Московский поезд отходил через два часа, и мы направились по заснеженной улице, ведущей к вокзалу, переглядываясь: не взяли. Вокзал оказался островерхим и пустынным теремом. Когда поезд тронулся, мы по очереди выходили в коридор, едва ли единственные в вагоне, и жадно глядели на ползущие мимо сопки, которые сменились тундрой. Вслед за ней появились Хибинские горы. Вблизи они были похожи на лежащих белых мамонтов. С другой стороны вагона плыла тундра, перетекающая в озеро-зеркало. Хибины казались выше и площе Вогезов. Через несколько часов поезд въехал в едкий туман, белесую удушающую пелену, чей запах проникал даже сквозь обитые резиной двери. Вскоре показался и бумажный комбинат, плюющийся смрадом из всех своих змееобразных и конусовидных труб. Когда запах наконец выветрился, я посмотрел на спящих детей, сам почувствовал тяжелую усталость и заснул.

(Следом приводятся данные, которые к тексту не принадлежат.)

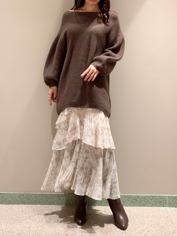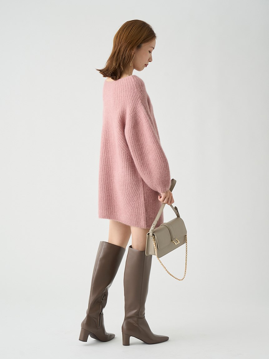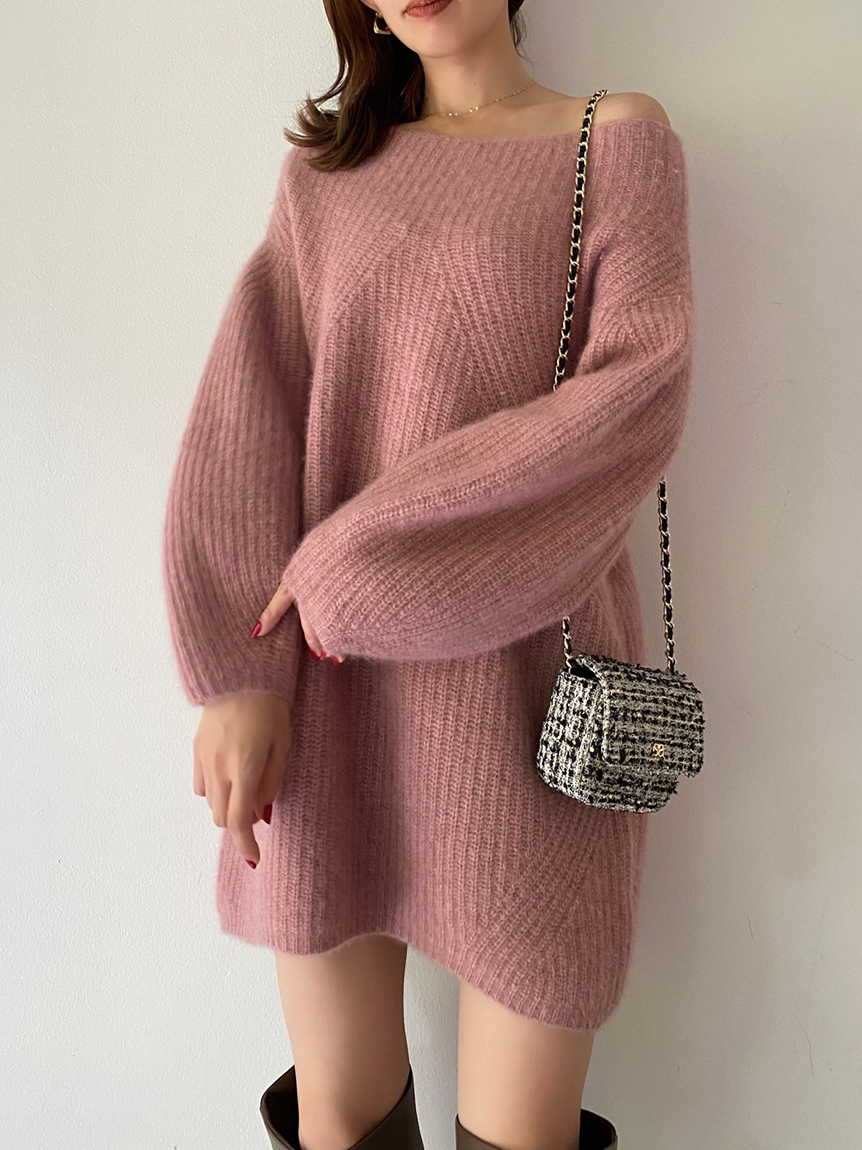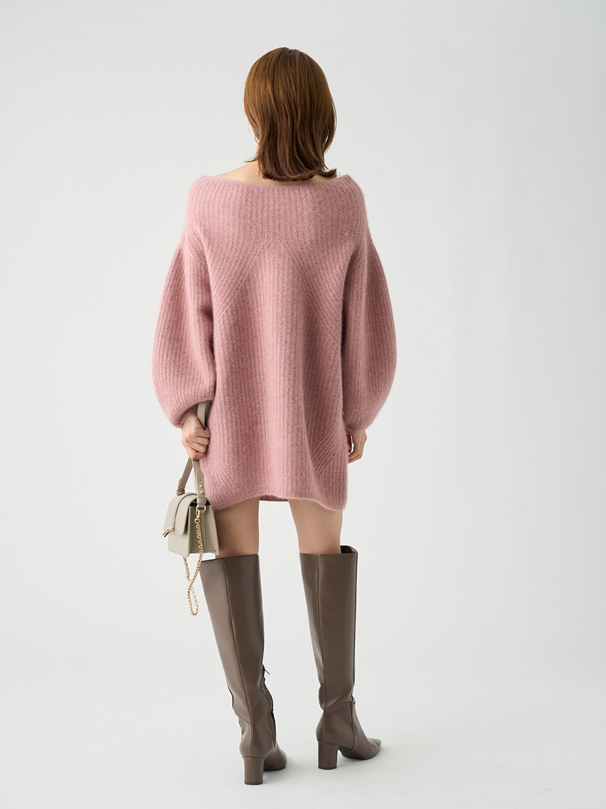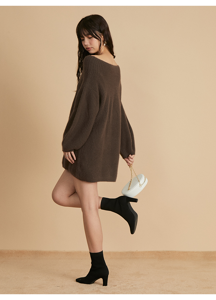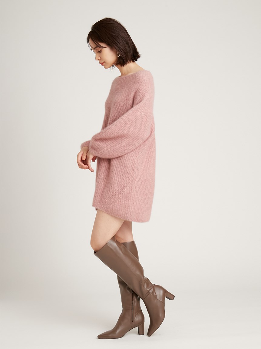 抜け感のある大人の色香たっぷりでお届けする人気のミニニットワンピース。今季は柄の入り方を新しくデザインし直しアップデートしました。やや広めに開いたボートネックやドロップショルダーがこなれた雰囲気を纏い、ミニ丈ながら子供っぽくならないよう、洗練されたディテール使いにこだわっています。ネック部分はオフショルにもボートネックにもアレンジ可能。ロングブーツを合わせたスタイリングや、パンツを合わせたトップスとしての着用もおすすめです。
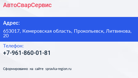 АвтоСварСервис по адресу 653017, Кемеровская область, Прокопьевск, Литвинова, 20 в дальнейшем Организация, размещена в следующих категориях:
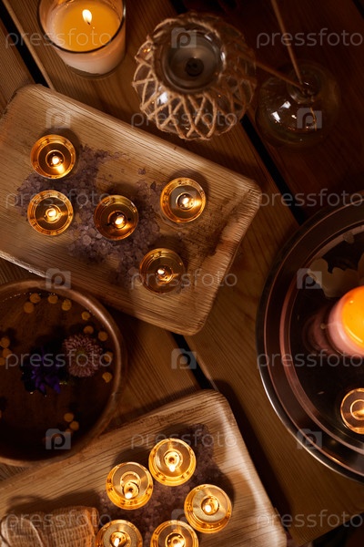 Прямо сверху вид на ароматные свечи на деревянных опорах и ароматическую палку, используемую для расслабляющей атмосферы в спа-салоне
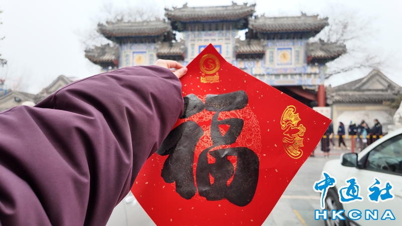 •     白雲觀大門前,領到福字的民眾現場拍照留念。 香港中通社圖片
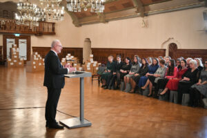 2023.gada 15.februārī Rīgas pilī notika Satversmes debašu cikla “#Satversmei100: vērtības nākotnei” svinīgs noslēguma pasākums, uz kuru tika aicināti jaunieši, viņu skolotāji un skolu direktori no 28 Latvijas skolām. Katrs pasākuma dalībnieks saņēma diskusiju izziņas materiālu “Jauniešu debašu cikla domu un atklāsmju apkopojums”.
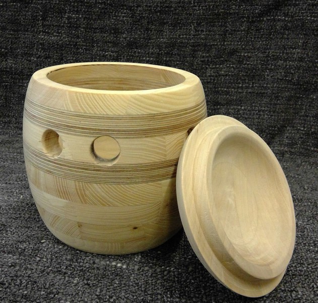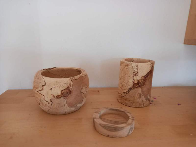 Als drittes ist dann eine kleine Dose mit Deckel vorgesehen, damit geübt wird, zwei passende Teile zu drechseln, der Deckel soll gut drehen. Das sind Angebote, wer lieber zwei Schalen oder zwei Dosen
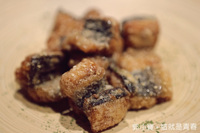 酥炸鰻魚非常好吃,尤其鰻魚皮咀嚼起來非常有嚼勁,外面薄博糖霜緊緊巴著鰻魚肉,帶點些微的糖衣脆度,這一道菜是當天太妃最滿意的一道菜。 |
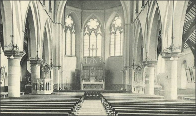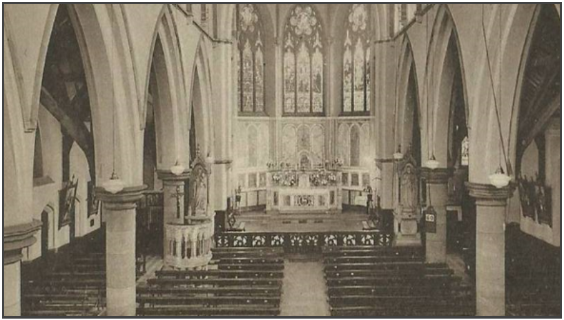 1888 – The foundation stone was laid on 5th August and the church solemnly opened on 26th July 1889. The church was very simple with a small altar, plain walls, plain glass windows, simple benches and gas lighting!
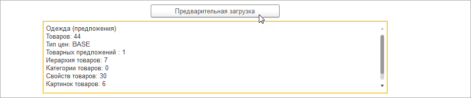 Перед итоговой загрузкой данных можно проверить состав данных, которые будут загружены в 1С (каталоги товаров и товарные предложения).
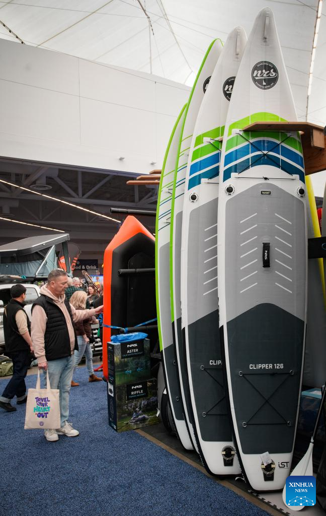 A man looks at paddle boards at the 2026 Outdoor Adventure and Travel Show in Vancouver, British Columbia, Canada, on Feb. 28, 2026. The two-day annual event kicked off Saturday, with over 250 exhibitors showcasing the latest developments in camping gear, paddle sports equipment, outdoor clothing, scuba diving gear, and adventure travel experiences. (Photo by Liang Sen/Xinhua)
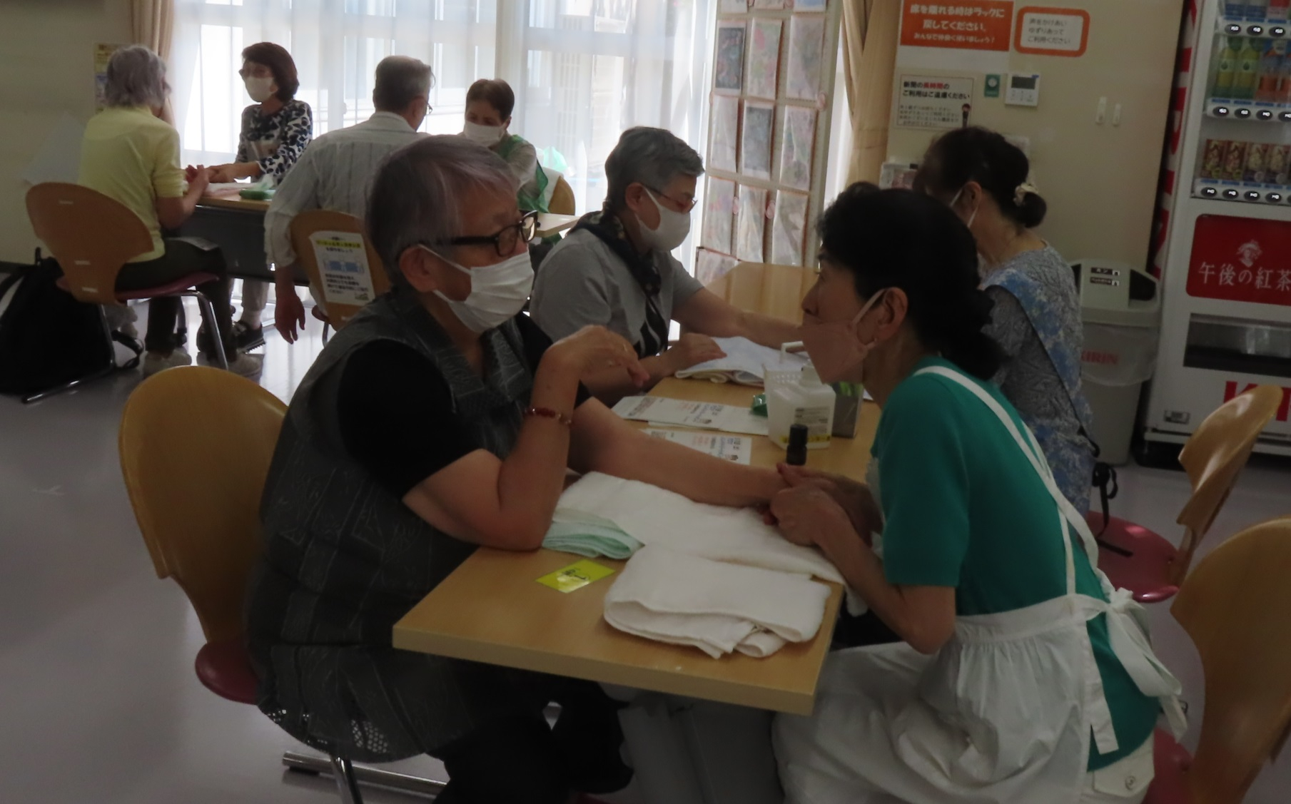 交流サロンでは、実際の施術を横目で見ながら、練習が進みます。

Ленинградский перрон и площадь перед вокзалом напугали Нину и Мари людским водоворотом, орущей и давящейся толпой, в которой сновали инвалиды. Один был безногий на тележке с двумя брусками, которыми он отталкивался от асфальта, а другой на костылях; оба ничего не просили, лишь барражировали в толпе и высматривали что-то свое. После Вишеры пронесся овражистый берег реки, серая вода, фермы моста и началась желтая болотистая равнина, которой слиться с горизонтом мешали две церкви, белокаменная, твердо стоящая, и рядом деревянная, с содранным крестом, склонившаяся. Когда безлюдные луга сменились серыми покосившимися избами, я все понял и до самого Калинина больше не смотрел в окно. Из-за платья другого кроя и чемоданов с бельгийскими клеймами нас принимали за иностранцев, хотя и знающих русский язык. Анна всю дорогу молчала и лишь иногда тихо разговаривала с девочками. Меня, впрочем, мало что из увиденного удивляло, а дорожные события и попутчики словно плавали в тумане. Я возвращался с любимой женщиной, с девочками, которых хотел удочерить, и ждал, что если не прямо-таки сразу, то по крайней мере наведя справки, найду маму, Олечку, Толю и Марго. Все остальное казалось декорациями в спектакле, который близится к финалу и после которого начнется не сон, а жизнь.
Когда поезд замедлил ход и в окне возникли гордые пилоны Парижа в окружении казарм Пролетарки, я вздрогнул от неуместности этих линий. До войны, каждый вечер возвращаясь в свой строгий замок, я никогда не думал о его несоответствии пейзажу. Калинин мало изменился и даже похорошел, через Волгу строили новый мост. На утренних солнечных улицах ветер ворошил шарообразные кроны лип. Белели колонны, сияла отреставрированная лепнина. Документы на паспорт у нас приняли быстро, взамен выдали временные, и я направился в трест, оставив Анну с детьми в гостинице. Из стариков никто не воевал, вся моя бригада работала как прежде, только Петренко умер от сердечного приступа. Начальство приняло меня осторожно, расспрашивали, как и что случилось на войне. Стараясь не слишком вдаваться в детали, я рассказывал о болотах, плене, побеге, Бельгии, часах, Леоне. На меня смотрели как на диковинку. Прорабов не хватало, и я был оформлен без всяких проволочек. Когда-то я отправлял письма домой, записывая обратным адресом контору, и теперь надеялся, что из дома мне что-то писали, но выяснилось, что нет, в Мелиоводстрой для меня ничего не приходило. Зато Алеев нацарапал на четвертушке адрес знакомой своей племянницы, которая сдавала часть дома в Затверечье, — «1-я Новозаводская, 141, Полина Семенова».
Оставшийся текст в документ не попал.